Сирокко озадачило то, как ее разум перевел песнь До-диез. Только услышав две ноты для слова «родина» она, перебирая все альтернативные интерпретации, вдруг поняла, что До-диез использует вежливо-официальную модальность, микротонами сглаживая высокий тембр, — короче, разговаривает как младшая со старшей. И Сирокко переключилась на сниженные на полтона ряды информационного лада.
— Вовсе не на колесе. За стенами этого мира есть место куда большее, которого ты видеть не можешь…
— Ой! Так вы с Земли!
Конечно, До-диез не сказала «с Земли» — точно так же, как и не называла себя «титанидой». Но точный эквивалент обозначения третьей от Солнца планеты поразил Сирокко не меньше, как если бы она услышала название родного шарика. До-диез продолжила, причем ее манера и интонация переключились — по подсказке Сирокко — с почтительного лада на информационный. Титанида явно воодушевилась — и будь ее уши чуть пошире, она непременно вспорхнула бы в воздух.

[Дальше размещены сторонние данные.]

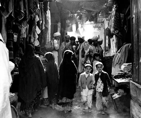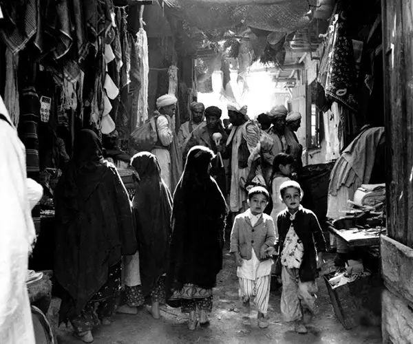 1964年5月,阿富汗首都喀布尔,一个市场里的男人、女人和男孩。
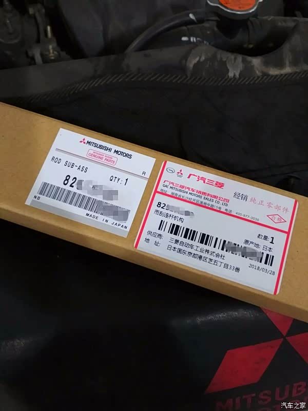 2018年4月23日继续上来更新,天气:雨。进店清洁空调并进行“雨刮连杆机构”召回活动,这个机构原车件直接拆下返回厂家,更换的零件是日本原产的,请看外包装图片(部分位置已打码)。四年半的车第二次进店清洁空调,维修师傅非常认真在清理中,请注意师傅正在清洁的原车零件是三菱重工制造的,上面标明MADE IN JAPAN.这里要特别感谢威海三菱4S店谢主任和谢师傅。清洁图片请往下看(红米手机拍的,大家凑合着看吧...):

— Я в затруднении, — пропела она. — Мне казалось, Земля — всего лишь сказка для малышей. Легенда из тех, что рассказывают у лагерных костров. И еще я думала, что обитатели Земли подобны титанидам.
Непривычный к титанидским песням ум Сирокко задержался на последнем слове, прикидывая, не следует ли его перевести просто как «людям». Примерно как в высказывании «мы люди, вы варвары». Но нет — шовинистских обертонов там не было. До-диез говорила о своем виде как одном из многих на Гее.
— Мы здесь первые, — пропела Сирокко. — Я удивлена, что ты о нас знаешь, ибо мы о вас до сих пор не знали ничего.
— Разве вы не поете о наших великих деяниях подобно тому, как мы поем о ваших?
— Боюсь, нет.
Тут До-диез обернулась. На вершине утеса стояла еще одна титанида. Выглядела она в точности как До-диез, но с одним шокирующим отличием.
— Это Си-бемоль… — пропела До-диез и тут же сконфуженно вернулась к прежнему почтительному ладу.
— Пока он не подошел, мне хотелось бы задать вопрос, который так и терзает меня с тех пор, как я впервые вас увидела.
— Тебе не обязательно обращаться ко мне как к старшей, — пропела Сирокко. — Может статься, ты старше меня.
— Нет-нет. По земному счету мне всего три года. Но я вот что хотела узнать… надеюсь, мой вопрос не покажется дерзким… как это вы так долго стоите и не падаете?